Instructions for the task
Copy out the data word for word, without any of its pictures.

Source material
::::::::::

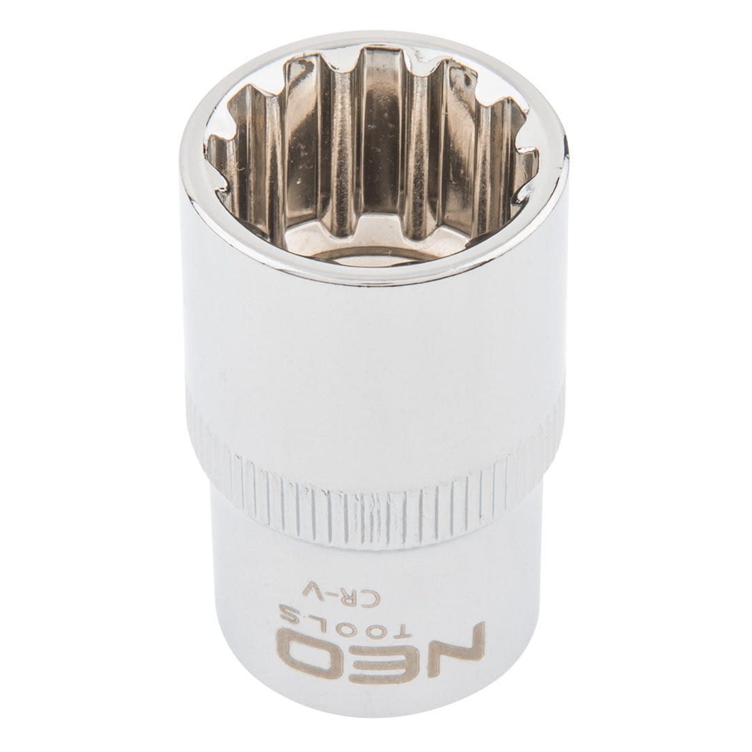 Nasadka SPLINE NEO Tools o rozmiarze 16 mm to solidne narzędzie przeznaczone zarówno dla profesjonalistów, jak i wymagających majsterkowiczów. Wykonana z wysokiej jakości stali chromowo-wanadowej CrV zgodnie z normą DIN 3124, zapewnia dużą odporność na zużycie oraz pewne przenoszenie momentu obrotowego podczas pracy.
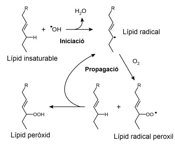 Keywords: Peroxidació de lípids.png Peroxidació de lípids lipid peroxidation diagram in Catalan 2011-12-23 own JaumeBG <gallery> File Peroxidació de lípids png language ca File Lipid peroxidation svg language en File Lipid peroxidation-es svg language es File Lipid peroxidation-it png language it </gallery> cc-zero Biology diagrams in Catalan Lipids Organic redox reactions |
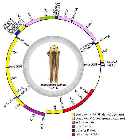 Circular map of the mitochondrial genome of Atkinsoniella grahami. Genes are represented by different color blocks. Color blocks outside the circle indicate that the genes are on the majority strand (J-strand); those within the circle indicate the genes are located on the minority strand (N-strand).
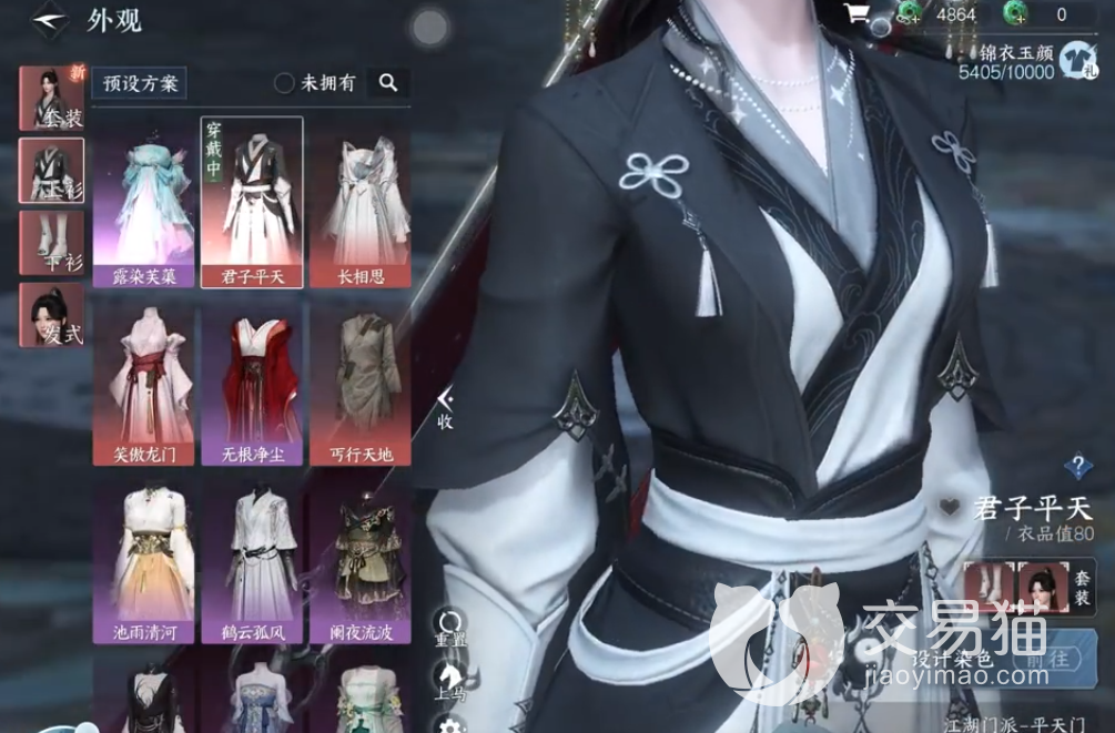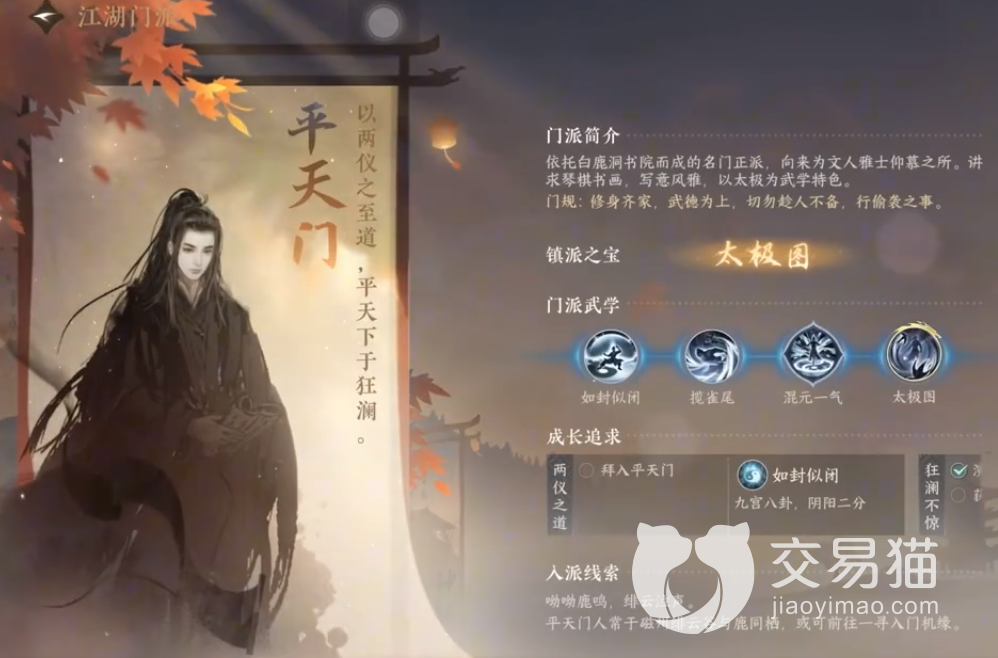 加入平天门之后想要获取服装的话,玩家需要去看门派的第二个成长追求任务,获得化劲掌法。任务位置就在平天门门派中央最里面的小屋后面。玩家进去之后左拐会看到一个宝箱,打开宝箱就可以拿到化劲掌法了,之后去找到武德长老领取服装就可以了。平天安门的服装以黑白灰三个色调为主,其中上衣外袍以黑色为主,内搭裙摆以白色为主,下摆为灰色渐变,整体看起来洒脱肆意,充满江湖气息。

::::::::::

Response to the exercise
 Nasadka SPLINE NEO Tools o rozmiarze 16 mm to solidne narzędzie przeznaczone zarówno dla profesjonalistów, jak i wymagających majsterkowiczów. Wykonana z wysokiej jakości stali chromowo-wanadowej CrV zgodnie z normą DIN 3124, zapewnia dużą odporność na zużycie oraz pewne przenoszenie momentu obrotowego podczas pracy.
 Keywords: Peroxidació de lípids.png Peroxidació de lípids lipid peroxidation diagram in Catalan 2011-12-23 own JaumeBG <gallery> File Peroxidació de lípids png language ca File Lipid peroxidation svg language en File Lipid peroxidation-es svg language es File Lipid peroxidation-it png language it </gallery> cc-zero Biology diagrams in Catalan Lipids Organic redox reactions |
 Circular map of the mitochondrial genome of Atkinsoniella grahami. Genes are represented by different color blocks. Color blocks outside the circle indicate that the genes are on the majority strand (J-strand); those within the circle indicate the genes are located on the minority strand (N-strand).
 加入平天门之后想要获取服装的话,玩家需要去看门派的第二个成长追求任务,获得化劲掌法。任务位置就在平天门门派中央最里面的小屋后面。玩家进去之后左拐会看到一个宝箱,打开宝箱就可以拿到化劲掌法了,之后去找到武德长老领取服装就可以了。平天安门的服装以黑白灰三个色调为主,其中上衣外袍以黑色为主,内搭裙摆以白色为主,下摆为灰色渐变,整体看起来洒脱肆意,充满江湖气息。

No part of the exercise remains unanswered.